Abstract: Digital twin technology, a cutting - edge innovation, has brought about a paradigm shift in the operation and management of virtual power plants. By creating a virtual replica that mirrors the physical components and operational processes of a virtual power plant in real - time, digital twin technology enables us to gain deep insights into the complex interactions within the system. The typical operation modes of digital twin in virtual power plants are diverse and dynamic. They involve integrating various distributed energy sources such as solar, wind, and energy storage systems, and coordinating their operations through digital twin - based platforms. These platforms utilize advanced data analytics and control algorithms to achieve optimal power dispatch, demand - response management, and grid - connection operation.

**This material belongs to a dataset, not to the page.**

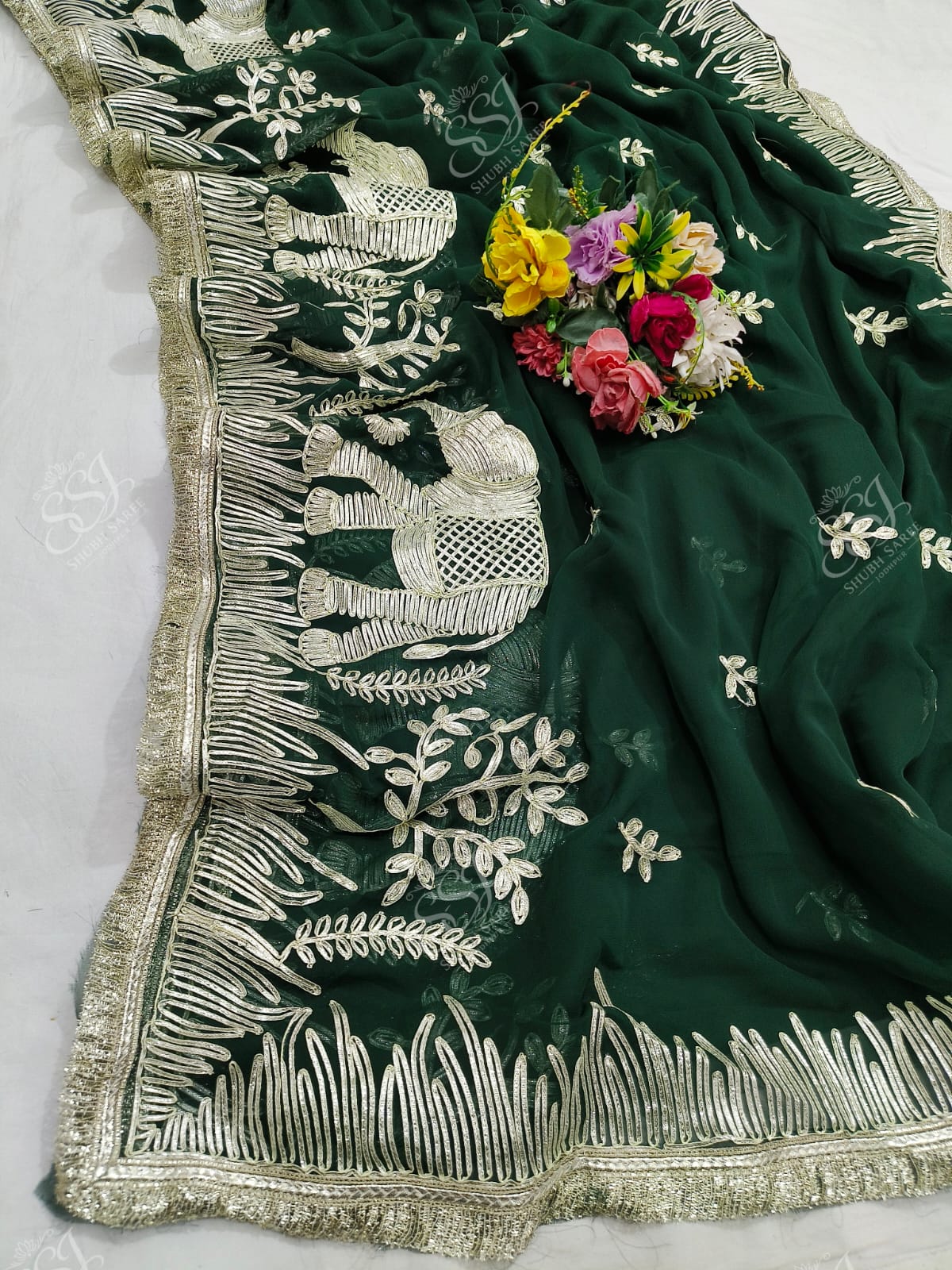 Beautiful soft georgette saree designed with rich traditional aesthetics, featuring intricate gota work with unique elephant and tree motifs. The saree is enhanced with all-over gota buti work and a heavy Rajputi-style border, giving it a royal and festive appeal. Perfect choice for ethnic occasions and celebrations.Fabric: Soft GeorgetteStyle: Rajputi Designer SareeWork: Gota Work with Buti & Motif DesignType: Festive Wear / Ethnic WearBlouse: Running BlouseOffers: Buy bulk on best pricePrice: ?850/-
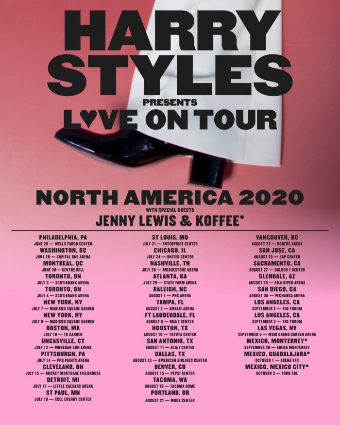 El cantante Harry Styles anunció la mañana de este miércoles las fechas para presentar su “Love On Tour” en todo el mundo, e incluyó tres fechas para conciertos en México. A través de un video subido a la plataforma de Youtube y un cartel en redes sociales, el británico compartió las más de 60 fechas y las ciudades donde se presentará, junto al recinto que será testigo del nuevo álbum “Fine Line”, anunciado la semana pasada y que estará disponible el próximo 13 de diciembre. Para México, Styles ofrecerá tres “shows” en la Arena Monterrey el 29 de septiembre, en la Arena VFG de Guadalajara el 1 de octubre y en el Foro Sol de la Ciudad de México el 3 de octubre. Pese a que en su lista no se encuentran más fechas para América del Sur, el cantante subrayó que pronto anunciará más fechas, incluyendo presentaciones en Australia. Styles estará acompañado por la cantante King Princess en sus conciertos por Europa; de la intérprete y compositora Jenny Lewis en Estados Unidos y Canadá; así como la cantante de reggae jamaicano Koffee en México.En la Ciudad de México y Guadalajara, los boletos en preventa estarán disponibles para usuarios Citibanamex los días 20 y 21 de noviembre a través del sistema Ticketmaster. Los precios en Ciudad de MéxicoLos Precios para GuadalajaraLa última visita de Harry Styles a México fue en junio de 2018 en el Palacio de los Deportes con más de 17 mil fanáticos que cumplieron su sueño de verlo en vivo. El álbum de debut de Harry Styles fue lanzado el 12 de mayo y se disparó a la cima de las listas de música de todo el mundo.En Estados Unidos encabezó la lista de álbumes Billboard 200, con más de 230 mil unidades de discos equivalentes vendidas y 193 mil álbumes tradicionales vendidos, convirtiéndose en el álbum con mayores ventas en su primera semana de un artista masculino del Reino Unido desde que Nielsen Music empezó a registrar las ventas en 1991.Mundialmente, el álbum fue número 1 en más de 20 países, incluyendo Estados Unidos, Reino Unido, Irlanda, Canadá, Australia, Holanda, Bélgica y en Asia Sudoriental y el Medio Oriente. El pasado 11 de octubre, Styles lanzó su sencillo “Lights Up”, como primer avance de “Fine Line”.AC

Prof. Kangping Li, Shanghai Jiao Tong University, China

Speech Title: Key Technologies for Digital Twin - Aggregated Response and Market Transactions of Demand - Side Resources

Abstract: Digital twin technology, with its ability to create a virtual replica of physical entities, has opened up new possibilities for effectively managing these resources. By creating digital twins of demand - side resources like industrial, commercial, and residential loads, we can gain a more accurate and real - time understanding of their operation and behavior.
The aggregation of demand - side resources through digital twin platforms, enabled by intelligent scheduling algorithms and real - time communication technologies, allows for a more coordinated response to the needs of the power grid. This not only improves the response speed and effectiveness of these resources but also contributes to the overall stability of the power system.